WORK REQUEST:
Return an exact copy of the lines from the one holding "工夫したのは、テレビの後ろの排気口の穴がいっぱいある所に" to the end of the data, including both the starting and final lines. Leave the pictures out.

RECORDS FOR THE EXERCISE:

+ + +

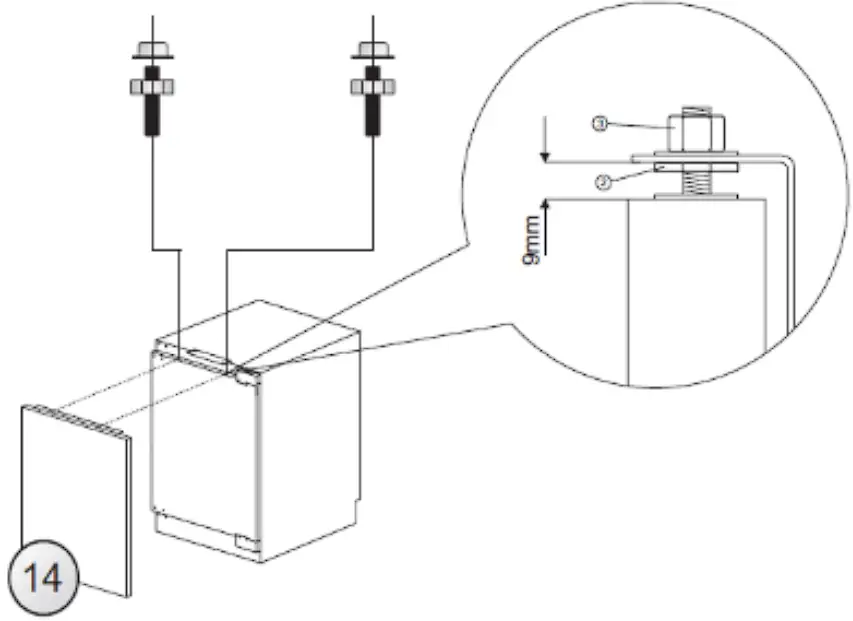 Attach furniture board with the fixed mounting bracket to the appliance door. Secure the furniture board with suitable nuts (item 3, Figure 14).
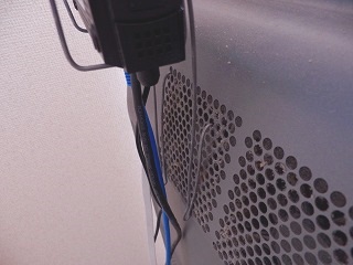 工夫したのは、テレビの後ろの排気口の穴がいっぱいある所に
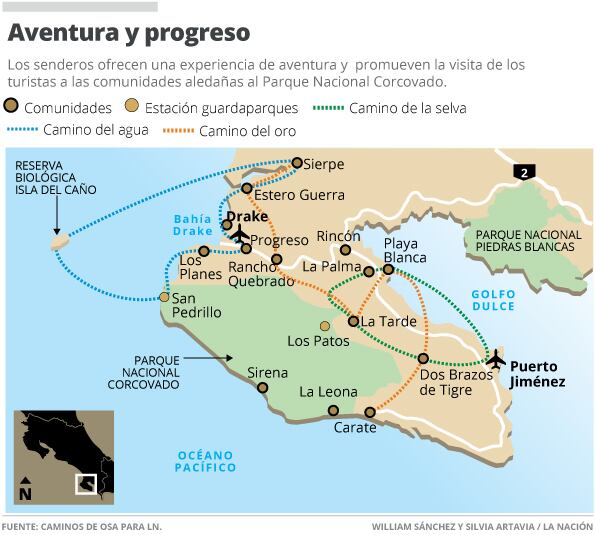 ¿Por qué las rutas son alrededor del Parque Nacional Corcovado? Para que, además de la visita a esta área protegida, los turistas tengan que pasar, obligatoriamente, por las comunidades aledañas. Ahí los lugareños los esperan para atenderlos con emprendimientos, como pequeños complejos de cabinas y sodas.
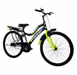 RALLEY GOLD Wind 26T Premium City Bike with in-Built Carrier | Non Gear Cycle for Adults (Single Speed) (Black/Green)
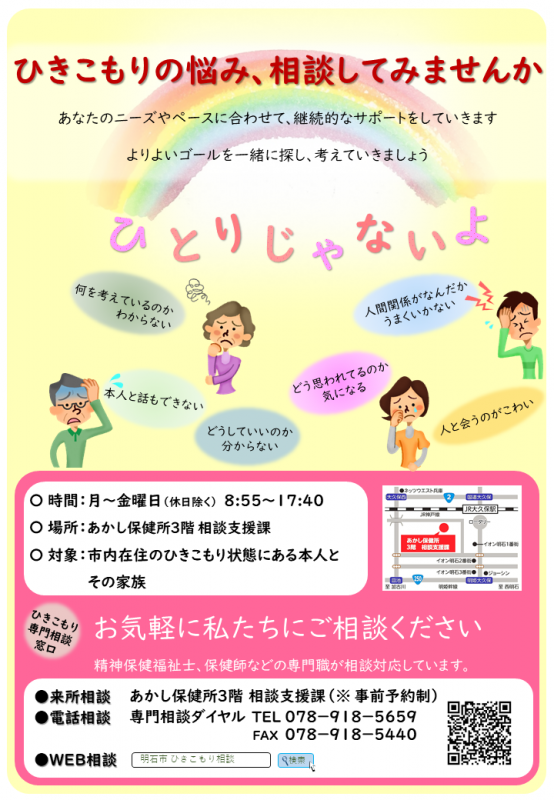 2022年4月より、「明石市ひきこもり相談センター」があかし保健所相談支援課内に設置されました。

+ + +

RESULT:
 工夫したのは、テレビの後ろの排気口の穴がいっぱいある所に
 ¿Por qué las rutas son alrededor del Parque Nacional Corcovado? Para que, además de la visita a esta área protegida, los turistas tengan que pasar, obligatoriamente, por las comunidades aledañas. Ahí los lugareños los esperan para atenderlos con emprendimientos, como pequeños complejos de cabinas y sodas.
 RALLEY GOLD Wind 26T Premium City Bike with in-Built Carrier | Non Gear Cycle for Adults (Single Speed) (Black/Green)
 2022年4月より、「明石市ひきこもり相談センター」があかし保健所相談支援課内に設置されました。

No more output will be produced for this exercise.